#### [THE TASK]
Images are not part of the copy; write out the rest of the data exactly as given.

#### [COLLECTED DATA]

[Start of Attachment]

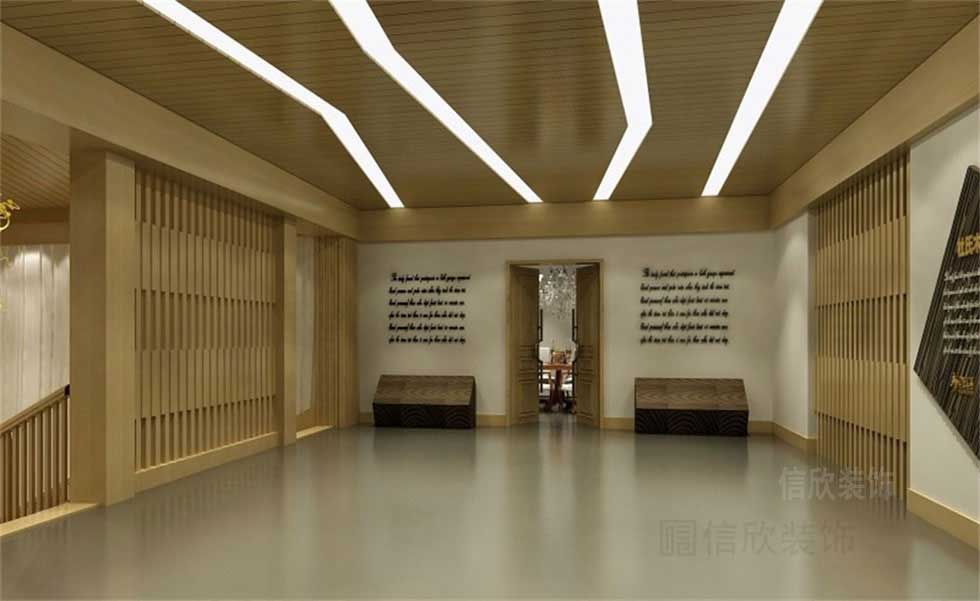 二層延續整體的設計理念,暖黃色的墻面盡顯歲月的沉淀感,墻面和頂面原木一體式的格柵打造,不規則的曲線燈條放置,藝術的線條感裝點了自然的紋理特質。
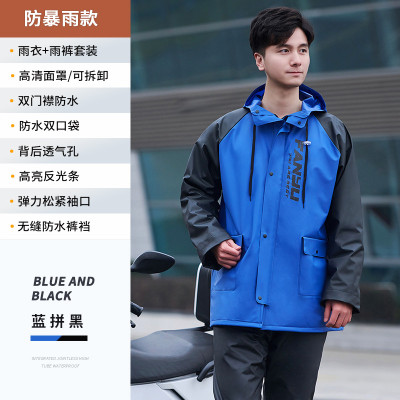 K861.23 大人レインコート上下セット/时尚拼色 サイズXL 蓝色 blue ブルー
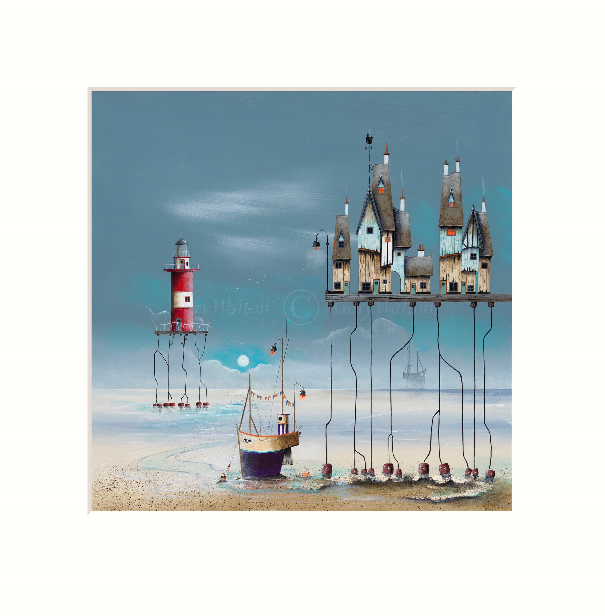 "Noah" by Gary Walton is a captivating piece that reflects his signature whimsical and surreal style. The artwork features a charming coastal scene, with a boat named "Noah" as the focal point. The boat is depicted resting peacefully in a harbour, surrounded by stilted buildings and a lighthouse in the distance. The muted tones and soft reflections in the water create a tranquil and dreamlike atmosphere, inviting viewers to immerse themselves in the serene setting.

[End of Attachment]

#### [RESULT OF THIS TASK]
 二層延續整體的設計理念,暖黃色的墻面盡顯歲月的沉淀感,墻面和頂面原木一體式的格柵打造,不規則的曲線燈條放置,藝術的線條感裝點了自然的紋理特質。
 K861.23 大人レインコート上下セット/时尚拼色 サイズXL 蓝色 blue ブルー
 "Noah" by Gary Walton is a captivating piece that reflects his signature whimsical and surreal style. The artwork features a charming coastal scene, with a boat named "Noah" as the focal point. The boat is depicted resting peacefully in a harbour, surrounded by stilted buildings and a lighthouse in the distance. The muted tones and soft reflections in the water create a tranquil and dreamlike atmosphere, inviting viewers to immerse themselves in the serene setting.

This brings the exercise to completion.